With the rapid development and complex challenges of chemical substances, new drug synthesis pathways are usually the most effective.259808-67-8,1-Boc-3,3-Dimethylpiperazine,as a common compound, the synthetic route is as follows.

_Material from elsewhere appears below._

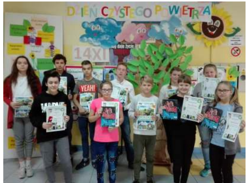
Dzień Czystego Powietrza w ZSP w Gierałtowie
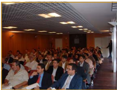
Vista del Salón de actos completamente abarrotado

De espectacular se puede catalogar la jornada que sobre el "La Jurisprudencia de la R.I.C. 2005/2006. Aspectos a tener en cuenta", organizó la Asociación de Asesores Fiscales de Canarias el pasado 17 de noviembre, con la colaboración de A3 Software y en las excelentes instalaciones de la Mutua de Accidentes de Canarias, quien dada la altísima inscripción habida, cedió desinteresadamente su salón de actos para la celebración de este acto, en lugar del salón de actos de la propia Asociación como es habitual.

tert-butyl 3,3-dimethylpiperazine-1-carboxylate (19.90 g, 92.86 mmol) and (2,2- dimethylpiperazin-1-yl)methanone hydrochloride (Intermediate C) (27.87 g, 84.60 mmol) are dissolved in DMF (300 mL) before HATU (35.45 g, 93.23 mmol) and DIPEA (27.72 g, 37.36 mL, 214.5 mmol) are added. The solution is stirred at room temperature for 3h, and then water is added dropwise. The aq. phase is extracted three times with EtOAc. The combined organic phase is washed with water and brine. The organic phase is then dried over Na2SO4, filtered and the filtrate evaporated under reduced pressure. The crude product is purified passing through a pad of silica gel (25%-33% EtOAc/hexanes affording the title product (34.28 g, 91% yield) as a yellow orange foamy solid, which is used directly in the next step. 1H NMR (400 MHz, Chloroform-d) 6 7.34 (s, 1H), 7.06 (s, 1H), 3.84 (dd, J = 6.6, 4.8 Hz, 2H), 3.67 – 3.45 (m, 4H), 2.71 (tt, J = 10.3, 5.5 Hz, 1H), 1.85 – 1.77 (m, 4H), 1.77 – 1.71 (m, 1H), 1.57 – 1.51 (m, 2H), 1.49 (s, 9H), 1.49 (s, 9H), 1.43- 1.31 (m, 3H), 1.01 (s, 3H), 0.97 (s, 3H). ESI-MS m/z calc. 525.3567, found 526.61 (M+1) Retention time: 3.15 minutes using method A.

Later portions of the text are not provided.